- _ASSIGNMENT_:
In your copy, each line below is repeated exactly and no image appears.

- _PROVIDED INFORMATION_:

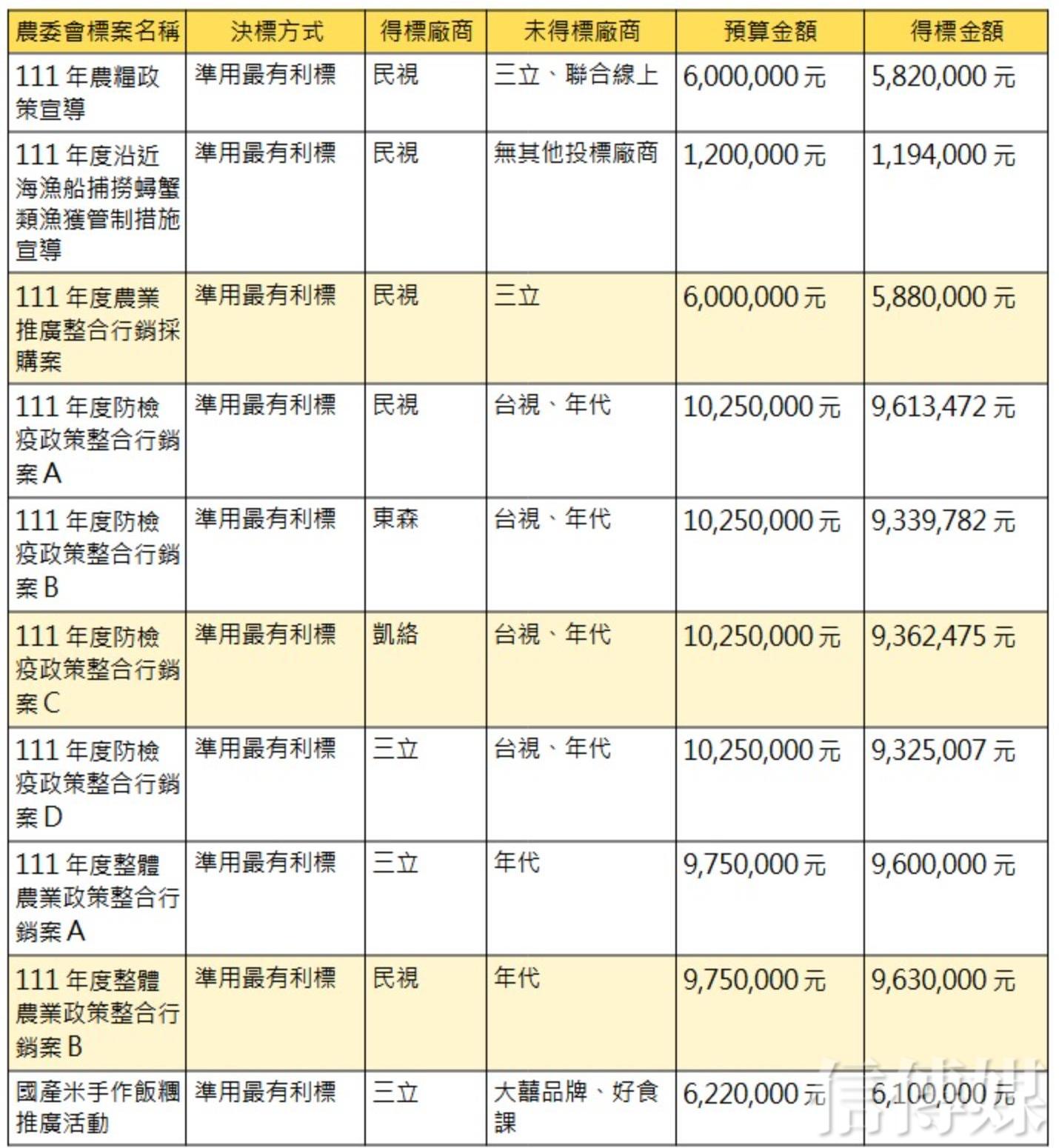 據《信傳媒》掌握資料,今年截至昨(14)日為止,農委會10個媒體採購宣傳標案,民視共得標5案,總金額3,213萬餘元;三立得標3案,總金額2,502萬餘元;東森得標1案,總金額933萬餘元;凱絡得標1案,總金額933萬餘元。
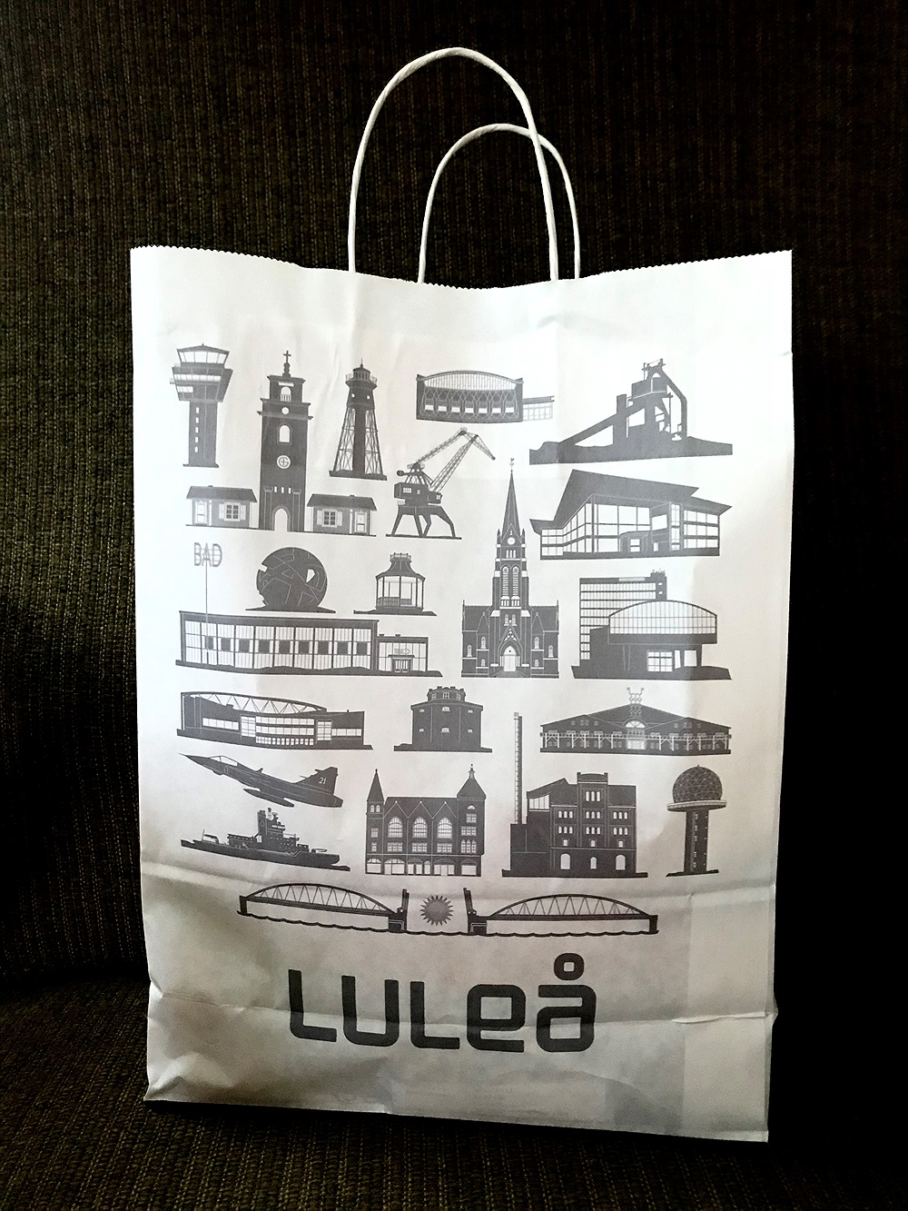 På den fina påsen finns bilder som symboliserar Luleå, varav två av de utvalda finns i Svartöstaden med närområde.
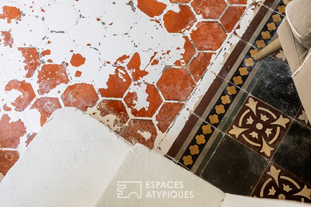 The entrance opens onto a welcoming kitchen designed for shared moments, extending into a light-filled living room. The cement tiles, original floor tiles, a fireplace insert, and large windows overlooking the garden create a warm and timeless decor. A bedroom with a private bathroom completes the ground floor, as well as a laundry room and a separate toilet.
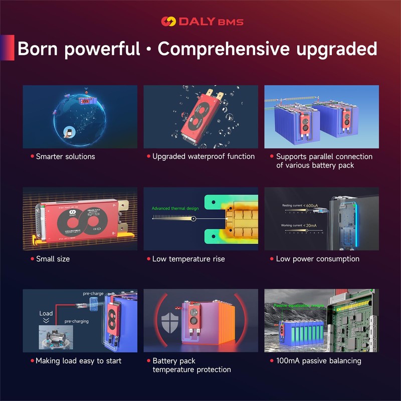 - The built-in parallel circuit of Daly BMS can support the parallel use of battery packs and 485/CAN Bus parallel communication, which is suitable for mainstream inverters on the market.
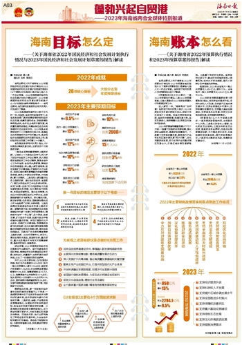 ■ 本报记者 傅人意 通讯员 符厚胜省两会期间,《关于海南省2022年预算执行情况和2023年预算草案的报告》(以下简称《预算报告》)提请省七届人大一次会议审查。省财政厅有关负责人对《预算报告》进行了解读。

- _SOLUTION TO THIS EXERCISE_:
 據《信傳媒》掌握資料,今年截至昨(14)日為止,農委會10個媒體採購宣傳標案,民視共得標5案,總金額3,213萬餘元;三立得標3案,總金額2,502萬餘元;東森得標1案,總金額933萬餘元;凱絡得標1案,總金額933萬餘元。
 På den fina påsen finns bilder som symboliserar Luleå, varav två av de utvalda finns i Svartöstaden med närområde.
 The entrance opens onto a welcoming kitchen designed for shared moments, extending into a light-filled living room. The cement tiles, original floor tiles, a fireplace insert, and large windows overlooking the garden create a warm and timeless decor. A bedroom with a private bathroom completes the ground floor, as well as a laundry room and a separate toilet.
 - The built-in parallel circuit of Daly BMS can support the parallel use of battery packs and 485/CAN Bus parallel communication, which is suitable for mainstream inverters on the market.
 ■ 本报记者 傅人意 通讯员 符厚胜省两会期间,《关于海南省2022年预算执行情况和2023年预算草案的报告》(以下简称《预算报告》)提请省七届人大一次会议审查。省财政厅有关负责人对《预算报告》进行了解读。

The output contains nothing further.